Friday, April 19, 2013

The mystery of Armenia

One of my friends, Noric Dilanchian, is Armenian. Over the years we have known each other, he has often Educated (lectured?) me on Armenia. Now this quote from Wikipeda, "the important role played in the history of Byzantium by that talented minority, the Armenians, has been generally unrecognised" may seem like special pleading, but there is a grain of truth to it.

This is a map of Armenia in Byzantine times. A brief comment follows the map. 

File:Byzantinehayastan.gif

Despite all Noric's lecturing and my own writing on the Byzantine period, I do not have a firm historical picture of Armenia or the Armenians. Maybe it's time that I properly educated myself!

Postscript

In a comment, Ramana pointed me to this Wikipedia entry on Armenians in India. From time to time I have written about the way location affects our view of the world. Growing up in a Western European/Australian/Greek-Roman centric view of the world, I was impressed by the way that Alexander the Great struck of east into the apparently unknown. We can see the same mind-set in classical or ancient history and the way it centres on Rome, Greece, and Egypt.
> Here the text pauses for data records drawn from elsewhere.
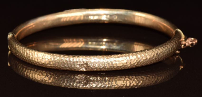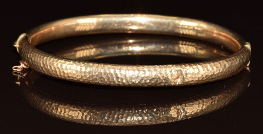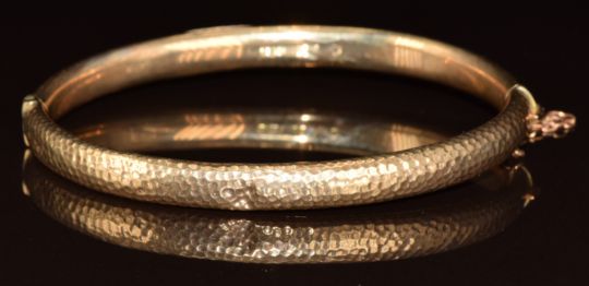 Edwardian 9ct gold bangle with hammered decoration, 7.3g, 6.2 x 5cm
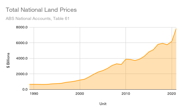 National land values are now $7.89 trillion, making it by far Australia’s largest asset class.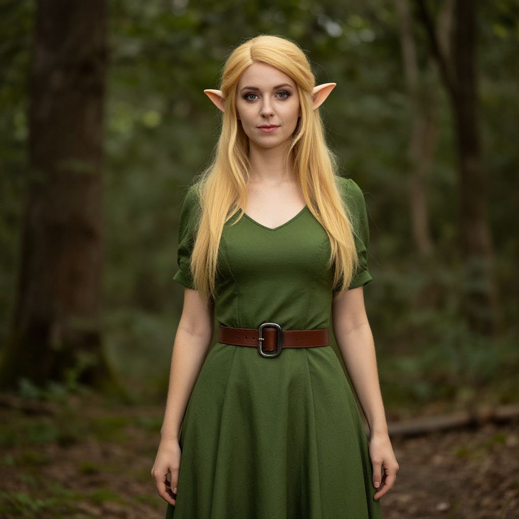 "Woodland Elf Cosplay, a woman in a green dress and a brown belt standing in a forest"

We tend to forget that between the Mediterranean sea and the Indian sub continent lay a series of big empires. If you look at the Persian invasions of what is now Greece, we (those with a Euro-centric view) see them as Persian invasions of Greece, a threat from the east. If you look at it from a Persian perspective, they were trying to tidy up on the eastern edge of their empire.

When Alexander headed off to India, he wasn't heading into the unknown, just the opposite. There were well travelled routes. To the Persians, I am using that phrase as a generic term to cover all state entities, what is now India was on the western edge of empire. Remote perhaps, but in world view.

To be worth a "history", you have to have an entity in which to centre the history. At a tiny parochial level, I write about my New England, a place that never existed in a formal sense. and is therefore not recognised. The Armenians are New England writ large. They had entities, but they are a people who generally always "belonged" to others, to the various larger bodies that controlled them.

Just interesting, that's all.  

6 comments:

Rummuser said...

You will not regret it. They are wonderful people and deserve much more recognition than they get.

http://en.wikipedia.org/wiki/Armenians_in_India

Jim Belshaw said...

How interesting, Ramana. I will bring that link up as a post script.

Michael O'Rourke, Canberra said...

Jim:
You are too kind about the Wikipedia author's remark that "the important role played in the history of Byzantium by that talented minority, the Armenians, has been generally unrecognised" . Crap! - Anyone who knows the slightest thing about Byzantium knows about "its" Armenians, including of course several of its emperors. The trouble is "our" ( = Latin Christian) almost wilful ignorance about that part of the 'Middle Ages' east of the Bosphoros.
Also, don't forget so-called Lesser Armenia, i.e. Cilicia.
Cheers. Michael O'R.

Jim Belshaw said...

You are right about that particular line, Michael. There seems to be a very strong desire among modern Armenians throughout the world to assert their identity. I agree, too, about Latin or Frankish blindness.

Thanks for the link on Cilicia. I had actually forgotten that particular piece of the jigsaw.

Noric Dilanchian said...

Jim, Arriving at my RSS feed after a week or more, I saw 12 or so Personal Reflections I'd not read yet. In light of Ramana's comment on the Armenians of India two points. First, the fact that two of my brothers and numerous relatives and friends were educated in Calcutta (as it was then known) due to the Armenian connection with India. Then, on the weekend my son smiled with excitement reading Eighty Days Around the World. Looking up from his iPad he read a passage referring to people in various types of garb in the streets of Bombay as it was then known. Some of them were "Armenians in long robes". I then lectured him too. :)

Jim Belshaw said...

Hi Noric. How interesting! Keep the lectures coming. You know that I need to be educated!